Correlation Between BCB Bancorp and Barings BDC
Can any of the company-specific risk be diversified away by investing in both BCB Bancorp and Barings BDC at the same time? Although using a correlation coefficient on its own may not help to predict future stock returns, this module helps to understand the diversifiable risk of combining BCB Bancorp and Barings BDC into the same portfolio, which is an essential part of the fundamental portfolio management process.
By analyzing existing cross correlation between BCB Bancorp and Barings BDC, you can compare the effects of market volatilities on BCB Bancorp and Barings BDC and check how they will diversify away market risk if combined in the same portfolio for a given time horizon. You can also utilize pair trading strategies of matching a long position in BCB Bancorp with a short position of Barings BDC. Check out your portfolio center. Please also check ongoing floating volatility patterns of BCB Bancorp and Barings BDC.

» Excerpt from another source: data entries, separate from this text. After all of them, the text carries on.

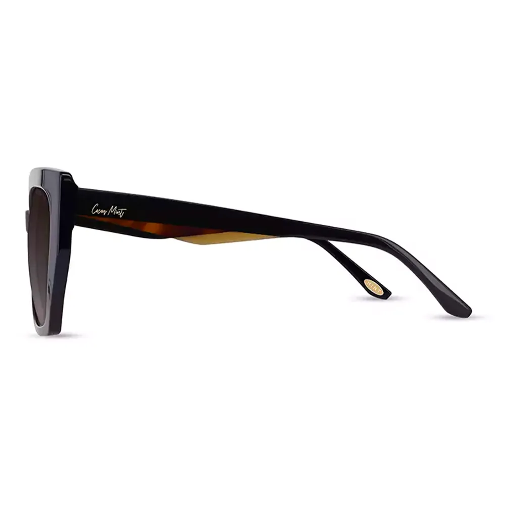 A modern women’s sun frame in bio‑based acetate with interlaced temple lamination and Brown Graduated category 3 Polarised lenses.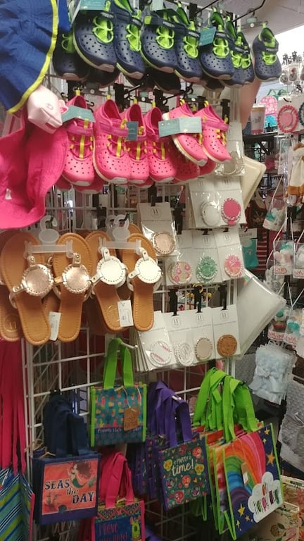 The image showcases a vibrant display of children's footwear, including colorful sandals and crocs, alongside various accessories like bags and decorative items.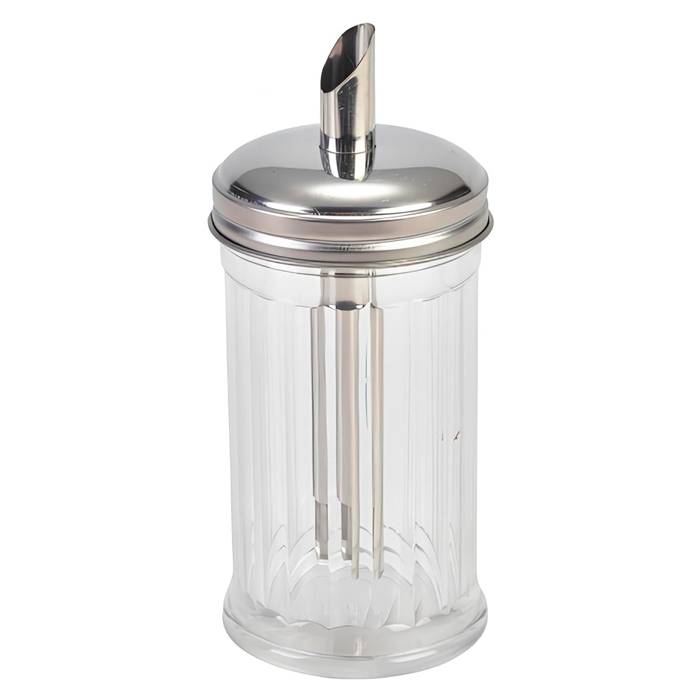 Azucarera de vidrio con tapa y pico vertedor de acero.

Diversification Opportunities for BCB Bancorp and Barings BDC
-0.59 | Correlation Coefficient |
Excellent diversification
The 3 months correlation between BCB and Barings is -0.59. Overlapping area represents the amount of risk that can be diversified away by holding BCB Bancorp and Barings BDC in the same portfolio, assuming nothing else is changed. The correlation between historical prices or returns on Barings BDC and BCB Bancorp is a relative statistical measure of the degree to which these equity instruments tend to move together. The correlation coefficient measures the extent to which returns on BCB Bancorp are associated (or correlated) with Barings BDC. Values of the correlation coefficient range from -1 to +1, where. The correlation of zero (0) is possible when the price movement of Barings BDC has no effect on the direction of BCB Bancorp i.e., BCB Bancorp and Barings BDC go up and down completely randomly.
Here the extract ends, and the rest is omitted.